*Instructions to follow*
What you return should be only the lines in the entries below between the one holding "ST44-1106 diesel locomotive" and the one holding "Abraham ORTELIUS (1527-1598)", ends included, with every picture left out.

*Records*
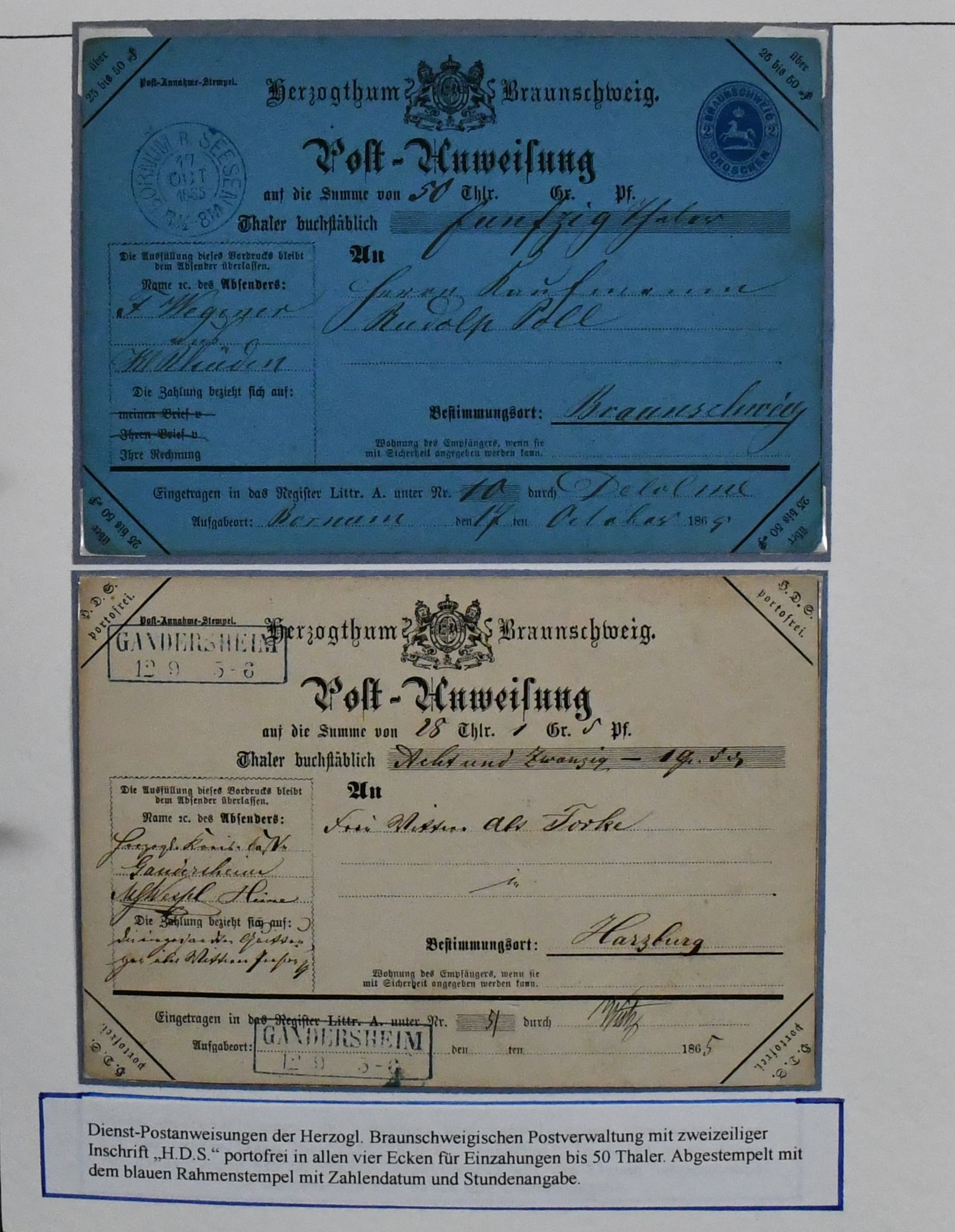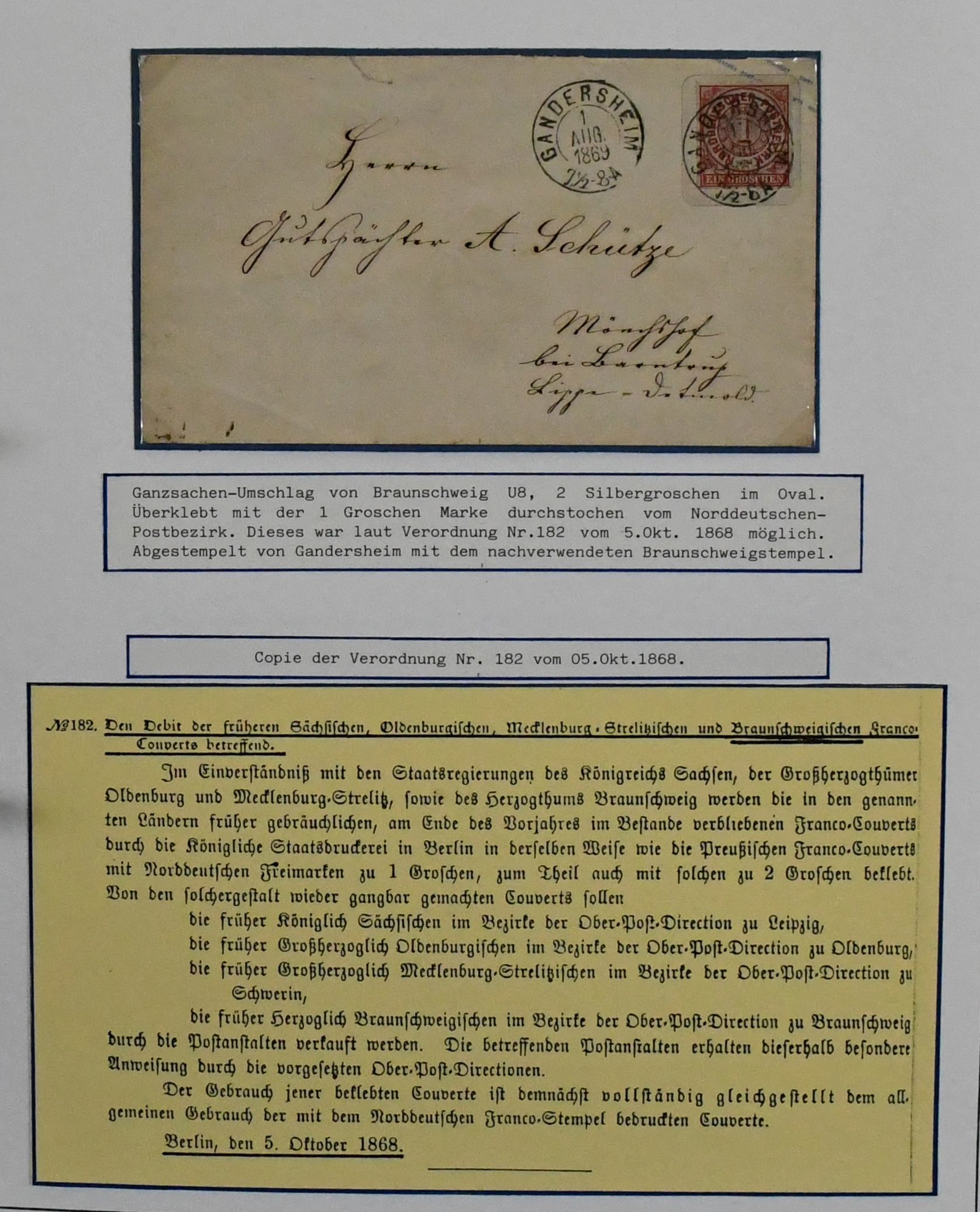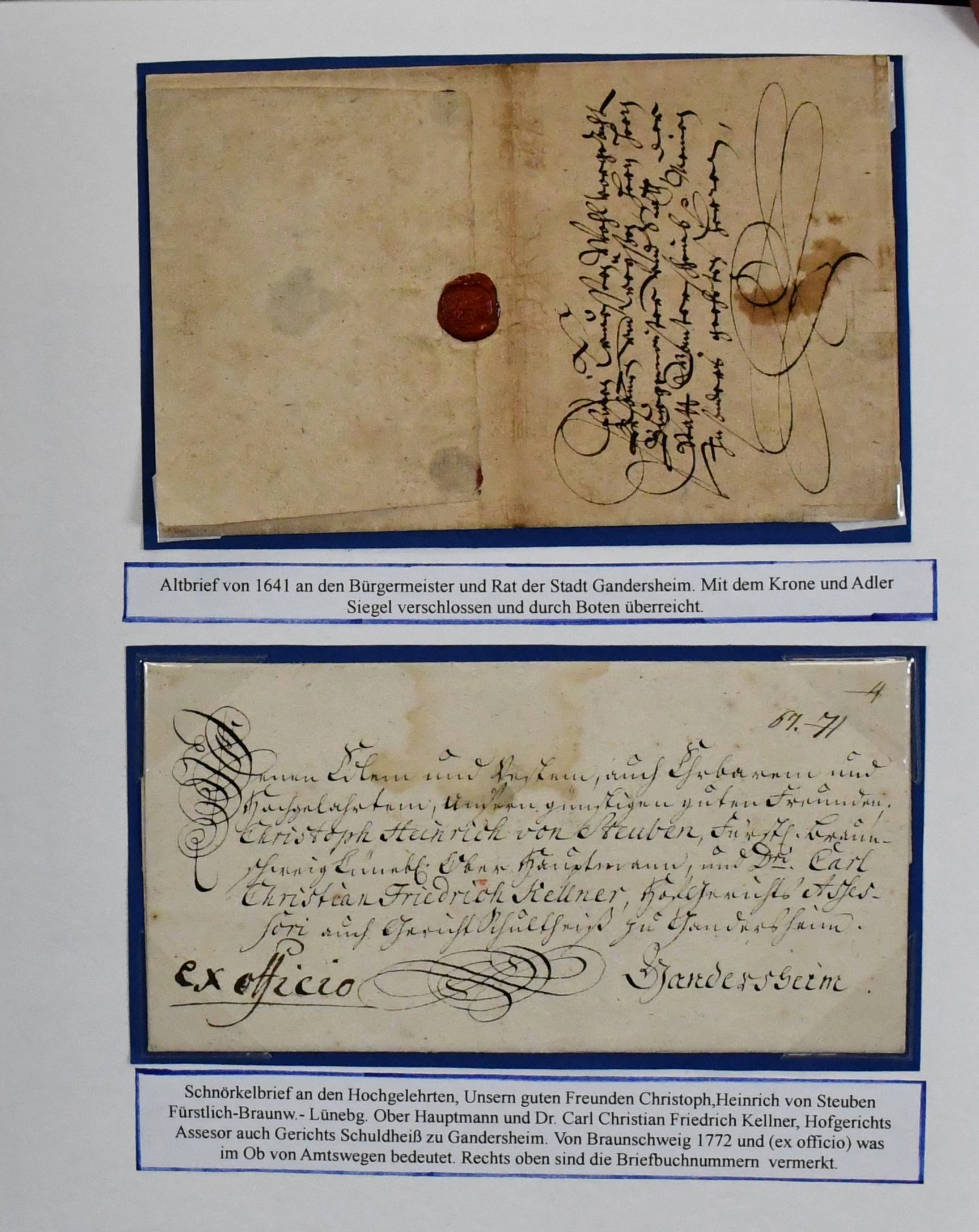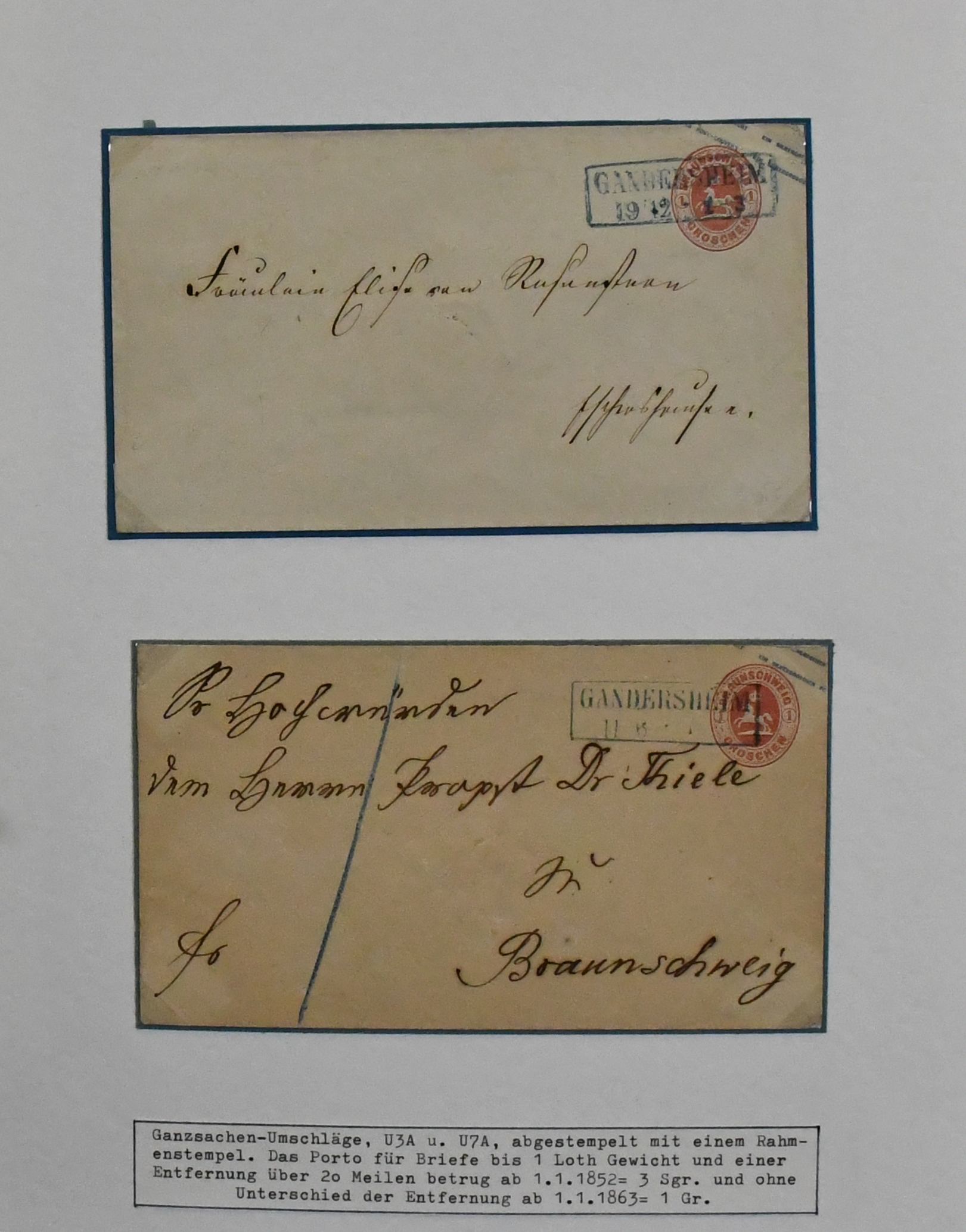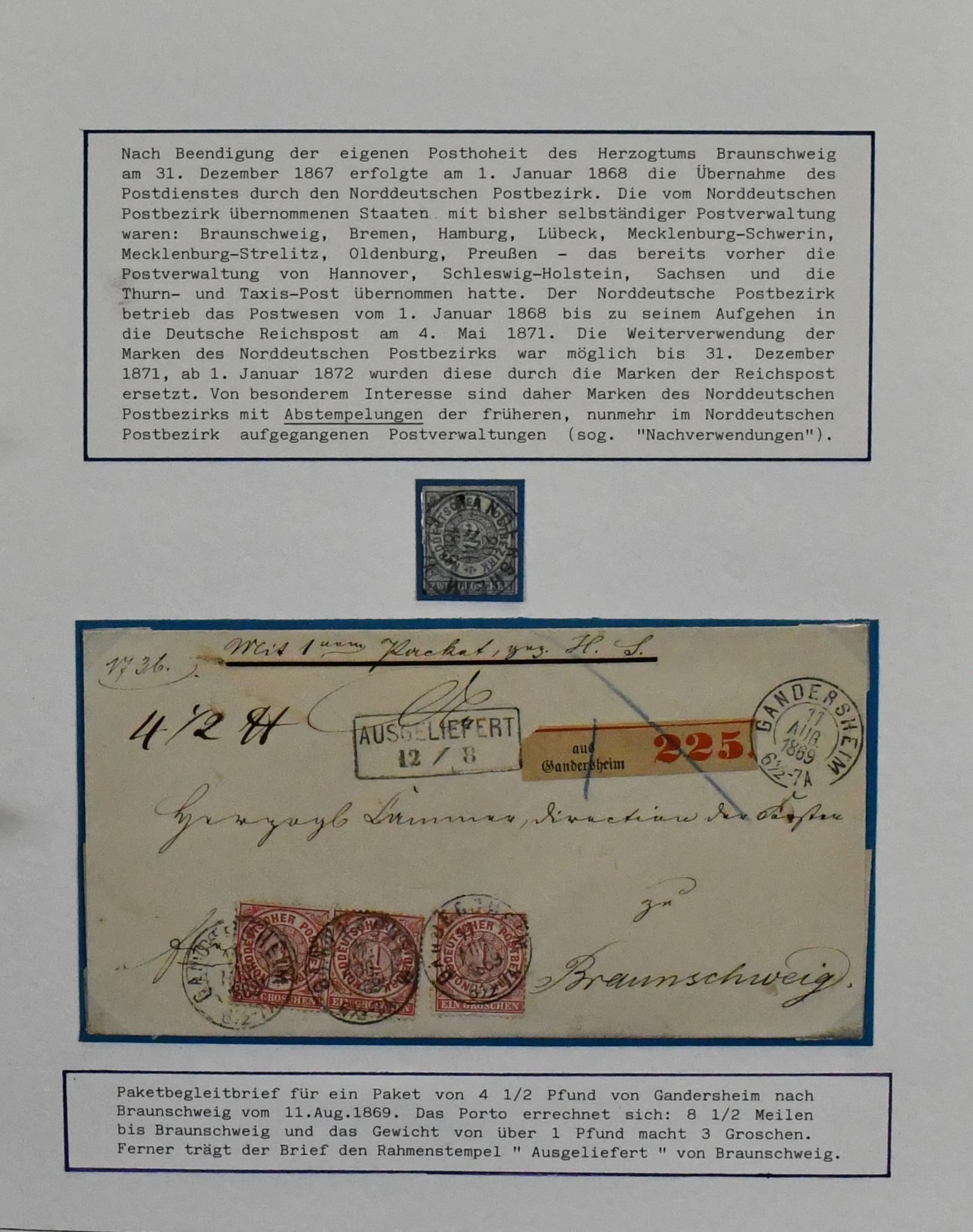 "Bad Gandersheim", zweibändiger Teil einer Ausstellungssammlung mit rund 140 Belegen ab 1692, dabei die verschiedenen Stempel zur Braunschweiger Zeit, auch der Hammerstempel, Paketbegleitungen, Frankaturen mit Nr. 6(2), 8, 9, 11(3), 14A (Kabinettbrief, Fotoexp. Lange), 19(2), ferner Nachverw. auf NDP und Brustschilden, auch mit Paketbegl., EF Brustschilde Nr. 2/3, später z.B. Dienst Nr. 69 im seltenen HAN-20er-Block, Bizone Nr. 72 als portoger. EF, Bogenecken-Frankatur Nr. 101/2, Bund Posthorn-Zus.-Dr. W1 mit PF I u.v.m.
...
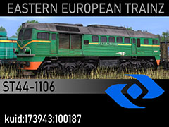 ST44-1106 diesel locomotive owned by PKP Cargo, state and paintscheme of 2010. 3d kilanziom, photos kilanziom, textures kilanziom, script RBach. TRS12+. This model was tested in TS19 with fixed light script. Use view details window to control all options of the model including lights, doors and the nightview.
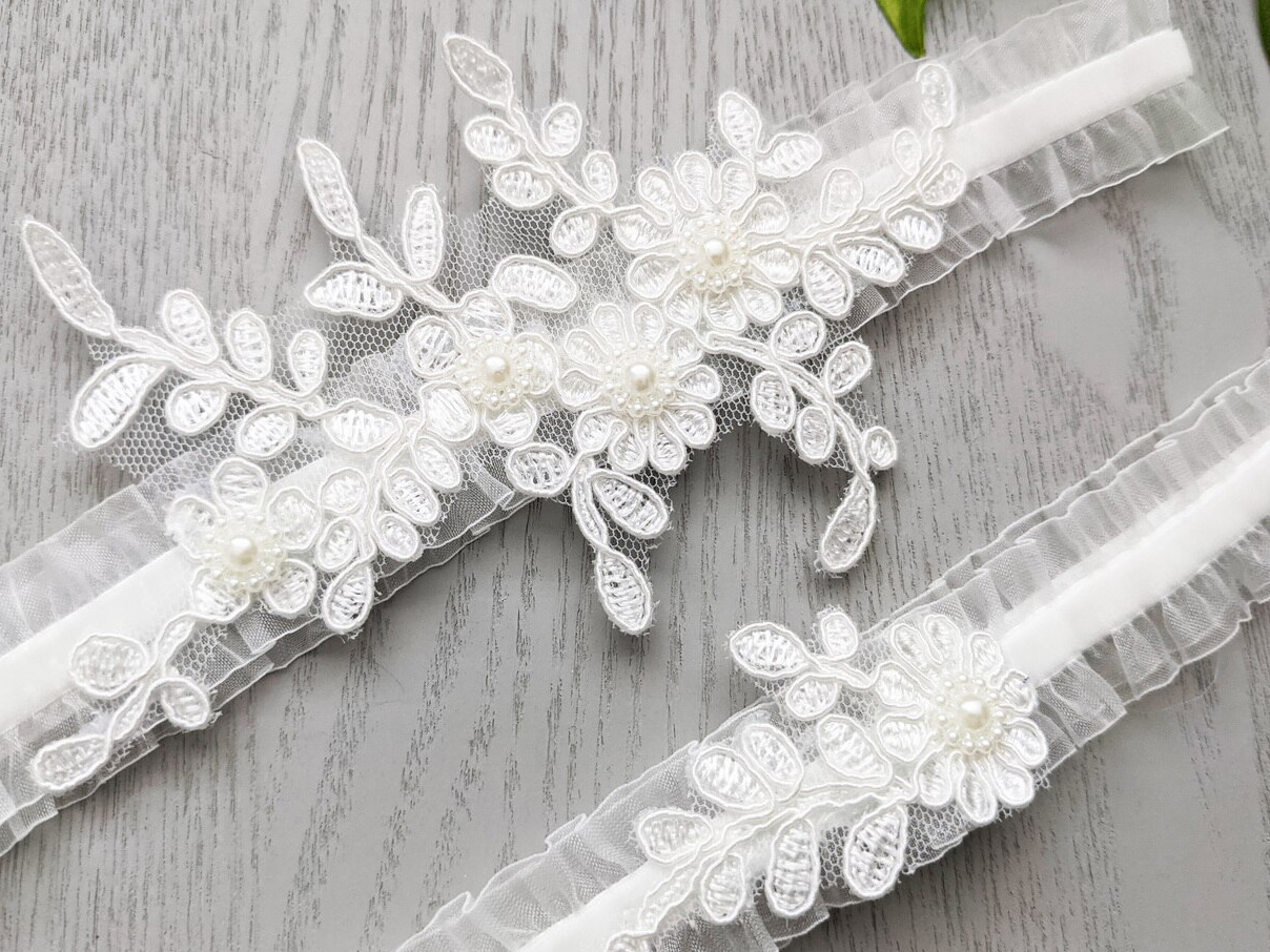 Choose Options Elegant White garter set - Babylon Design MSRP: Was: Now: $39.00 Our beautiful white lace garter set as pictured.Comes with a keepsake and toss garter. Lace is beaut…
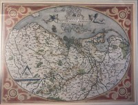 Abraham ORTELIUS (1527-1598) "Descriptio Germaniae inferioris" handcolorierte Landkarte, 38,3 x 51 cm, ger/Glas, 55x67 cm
* * *
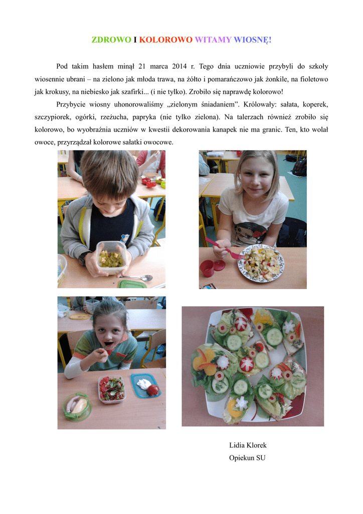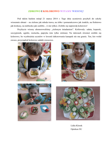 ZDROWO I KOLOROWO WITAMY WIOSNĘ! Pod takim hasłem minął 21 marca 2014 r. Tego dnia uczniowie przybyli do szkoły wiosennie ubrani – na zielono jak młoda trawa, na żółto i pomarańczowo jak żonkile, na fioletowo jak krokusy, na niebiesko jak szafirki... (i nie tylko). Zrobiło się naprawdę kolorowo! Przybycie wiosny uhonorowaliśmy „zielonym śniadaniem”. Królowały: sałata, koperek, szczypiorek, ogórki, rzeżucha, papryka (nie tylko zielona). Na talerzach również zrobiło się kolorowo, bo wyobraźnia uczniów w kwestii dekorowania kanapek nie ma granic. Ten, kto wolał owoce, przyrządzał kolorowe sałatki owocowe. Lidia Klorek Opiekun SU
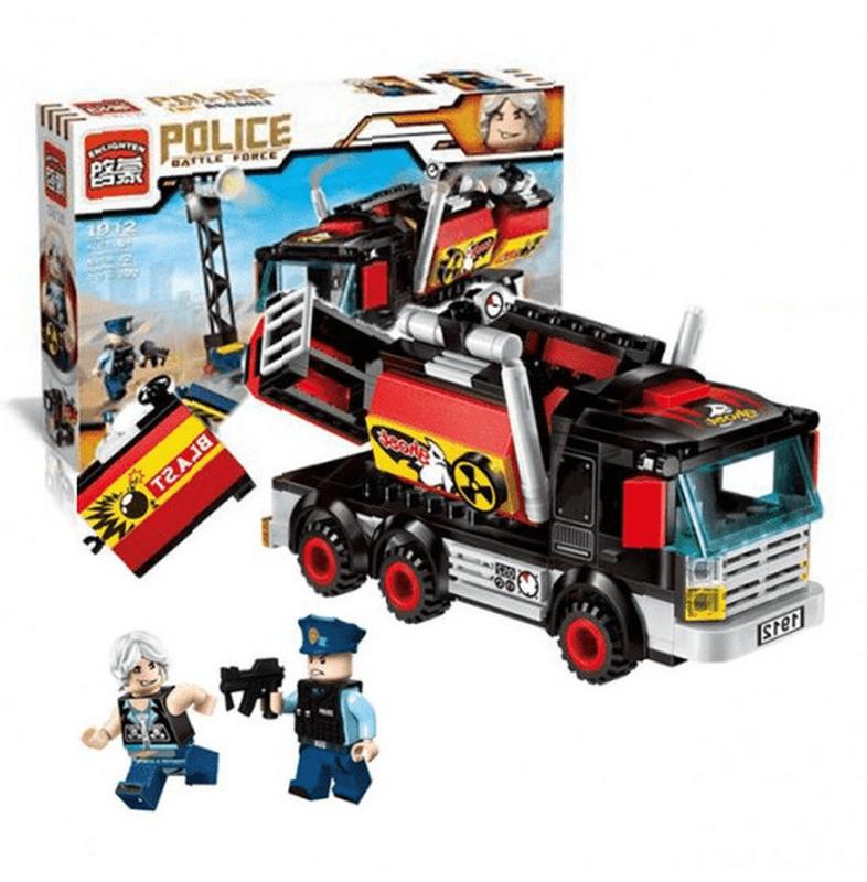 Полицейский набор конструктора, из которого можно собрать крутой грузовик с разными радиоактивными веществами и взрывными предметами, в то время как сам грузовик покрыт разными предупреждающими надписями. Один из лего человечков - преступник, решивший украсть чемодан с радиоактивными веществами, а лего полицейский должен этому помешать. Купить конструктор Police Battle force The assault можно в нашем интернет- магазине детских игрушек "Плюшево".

*Problem solution*
 ST44-1106 diesel locomotive owned by PKP Cargo, state and paintscheme of 2010. 3d kilanziom, photos kilanziom, textures kilanziom, script RBach. TRS12+. This model was tested in TS19 with fixed light script. Use view details window to control all options of the model including lights, doors and the nightview.
 Choose Options Elegant White garter set - Babylon Design MSRP: Was: Now: $39.00 Our beautiful white lace garter set as pictured.Comes with a keepsake and toss garter. Lace is beaut…
 Abraham ORTELIUS (1527-1598) "Descriptio Germaniae inferioris" handcolorierte Landkarte, 38,3 x 51 cm, ger/Glas, 55x67 cm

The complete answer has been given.